=== Begin Enclosure ===

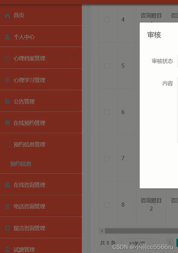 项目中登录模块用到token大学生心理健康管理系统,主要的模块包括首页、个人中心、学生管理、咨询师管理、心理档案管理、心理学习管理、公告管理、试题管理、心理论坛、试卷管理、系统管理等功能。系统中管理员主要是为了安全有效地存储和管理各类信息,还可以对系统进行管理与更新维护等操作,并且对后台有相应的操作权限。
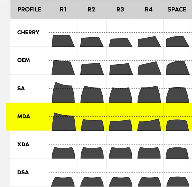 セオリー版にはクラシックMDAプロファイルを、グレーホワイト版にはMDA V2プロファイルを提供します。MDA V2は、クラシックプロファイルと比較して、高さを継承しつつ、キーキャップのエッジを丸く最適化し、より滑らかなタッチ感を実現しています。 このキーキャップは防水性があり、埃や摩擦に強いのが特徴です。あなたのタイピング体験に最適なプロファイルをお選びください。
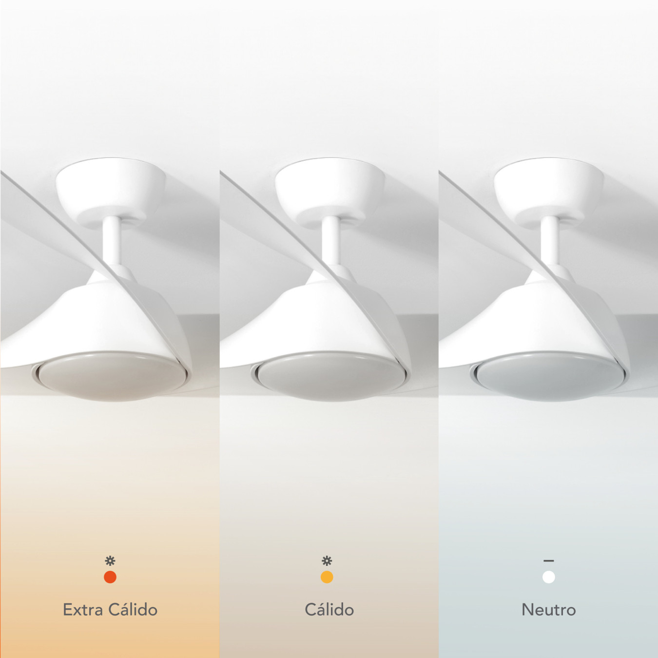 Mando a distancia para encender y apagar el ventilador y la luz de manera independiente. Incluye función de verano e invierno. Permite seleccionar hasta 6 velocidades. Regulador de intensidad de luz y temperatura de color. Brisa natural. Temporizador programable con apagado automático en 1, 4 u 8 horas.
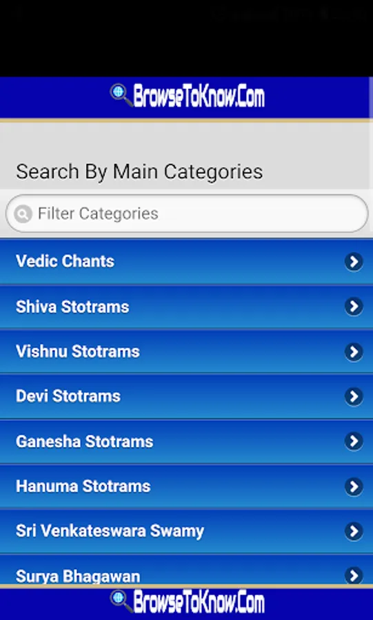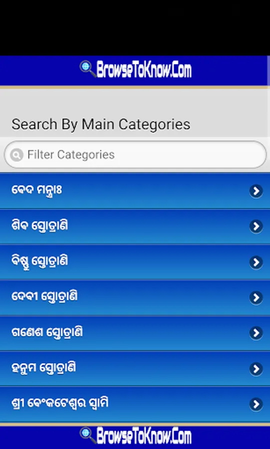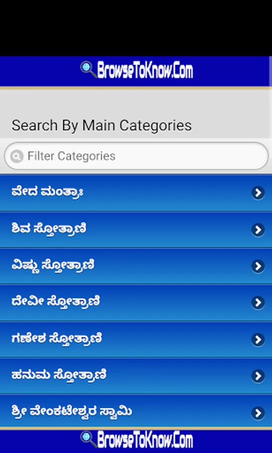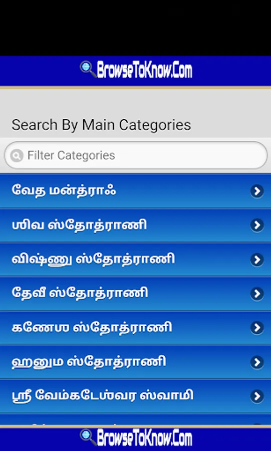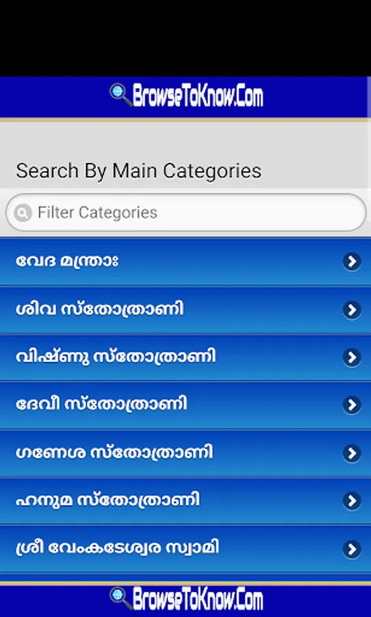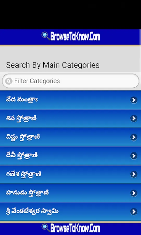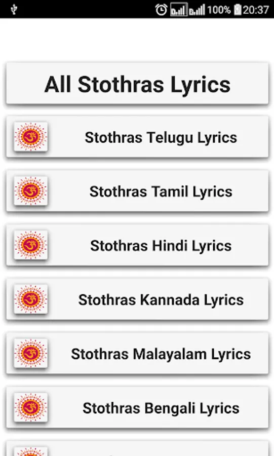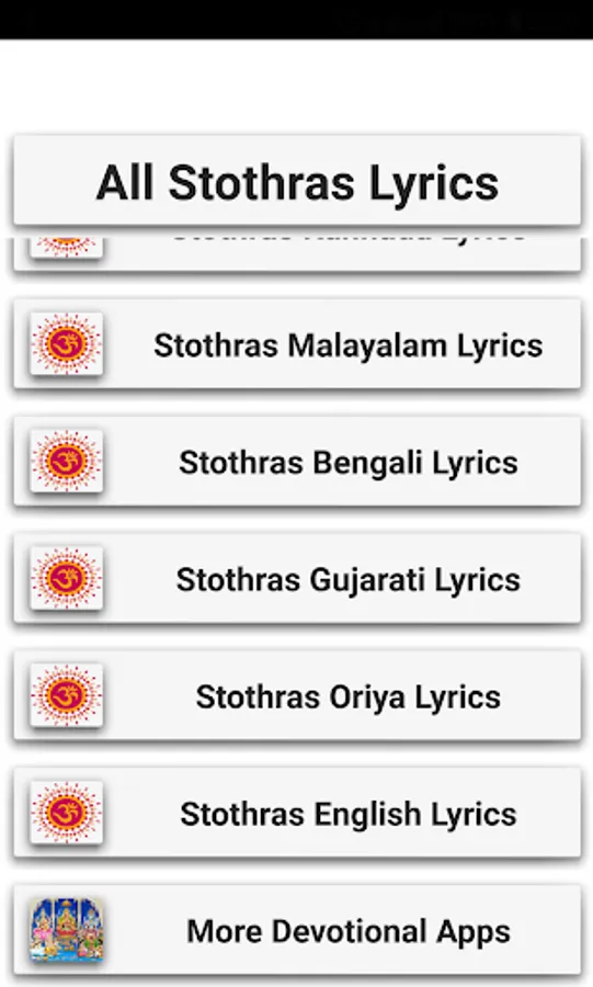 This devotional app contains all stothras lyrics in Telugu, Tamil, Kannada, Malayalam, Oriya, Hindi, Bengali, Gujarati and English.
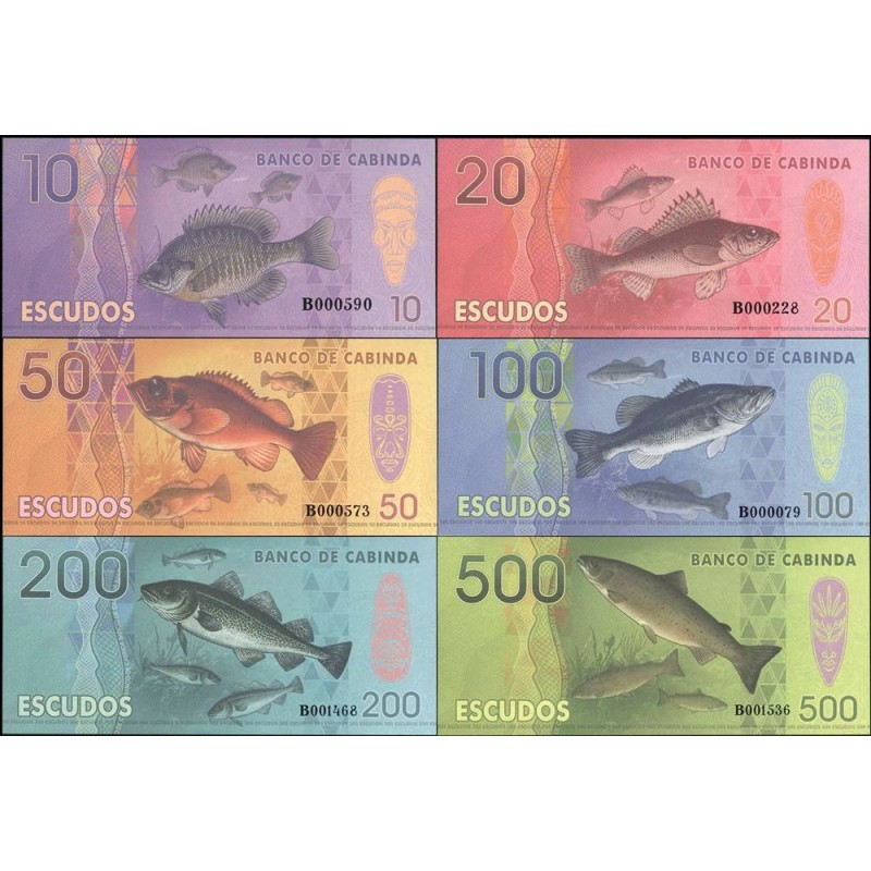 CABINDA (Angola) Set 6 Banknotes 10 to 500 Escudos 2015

=== End Enclosure ===

What you need to do → Only the lines from the line with "Mando a distancia" through the end of the records belong in your copy. Repeat them exactly, without pictures.

Solution →
 Mando a distancia para encender y apagar el ventilador y la luz de manera independiente. Incluye función de verano e invierno. Permite seleccionar hasta 6 velocidades. Regulador de intensidad de luz y temperatura de color. Brisa natural. Temporizador programable con apagado automático en 1, 4 u 8 horas.
 This devotional app contains all stothras lyrics in Telugu, Tamil, Kannada, Malayalam, Oriya, Hindi, Bengali, Gujarati and English.
 CABINDA (Angola) Set 6 Banknotes 10 to 500 Escudos 2015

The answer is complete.